The mercs can't be bothered with this.Now a car chase is happening. This section is obviously brought to us by Jeep. Car chases. Bullets flying. No damage to the cars. Pristine jeeps tearing through the city of...Dubai, maybe? But, the Mercs make it to an awaiting American plane. There's no pilot there, so one of the ladies has to fly them out of there. So, they do. 

But wait! There's more!


Brigitte is driving up, trying to catch up to the plane before it can take off. What if she does? There's nothing she can...wait a second.

Is there a...

You will not believe this. There is some sort of strap hanging from the plane. The plan is one of those huge C-17s. But for some reason it just has some random strap dangling from it, like toilet paper stuck to your shoe when you leave an airport bathroom. Oh, and the tail gate is down. Sure. Who doesn't fly with the tailgate down?

Brigitte grabs that strap and the plane takes off and everyone breathes a sigh of relief until Brigitte pulls her ass into the open tail of the plane and just starts blasting a 9mm Beretta all over the place. I should rewind and count, but I am sure she fired no less than 73 bullets, and only PainKiller Jane got hit. Shot in the gut! Her exposed, six-pack gut! And she gets shot out of the plane. Zoe is sad...but she must fight on!

She and Brigitte are fighting. Who do you think would win: Xena the Warrior Princess's stunt double or that traitor chick from Beverly Hills Cop II?

Well, you'd be wrong. Zoe is getting her ass beat like a high-school nerd getting on the wrong bus during football season. Fortunately, Brigitte isn't the only one who learned that rope trick. PainKiller is back! She uses that strap to lasso Brigitte and...ahhh. 

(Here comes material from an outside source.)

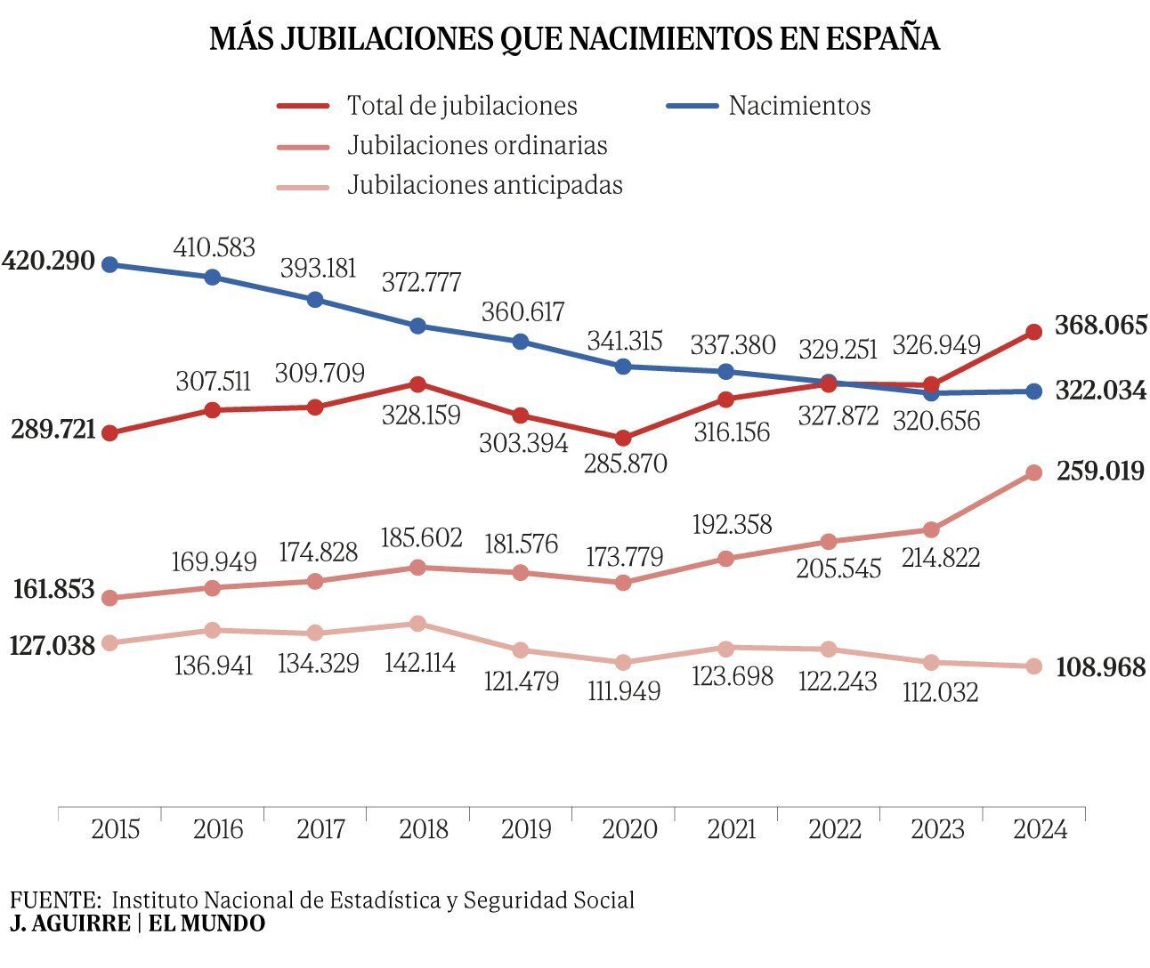 Los nuevos jubilados superan a los bebés nacidos en España por segundo año consecutivo. El aumento de jubilaciones en España, impulsado por la llegada de los baby boomers al sistema de pensiones, ha generado un récord histórico de 368.065 nuevas altas en 2024, un 12,6% mÔs que el año anterior. Este fenómeno agrava el desequilibrio demogrÔfico, ya que por segundo año consecutivo las jubilaciones superan los nacimientos. Aunque la natalidad creció un 0,4%, el ritmo de nuevas jubilaciones fue 30 veces mayor.

Look there. See that? Remember those missiles they ladies stole? The ones they gave back to Brigitte in order to join her gang? Well, there they are. They are on this plane somehow. What?? And now, Brigitte is stuck to these missiles with that mystery strap hanging from the back of a C-17 with it's tail section open. Zoe pushes a button and the tailgate opens just a bit more so that Brigitte and the missiles fall out of the plane...and on to Brigitte's compound! Bull's Eye!! The compound explodes in a fiery hell of crap CGI!

By the time to credits roll on this thing I am exhausted! The girls have a slo-motion walk into the sunset and I give a standing slow-clap to this wonder of modern cinema. Of course, I'm hopped up on cough syrup and Sudafed, so what do I know?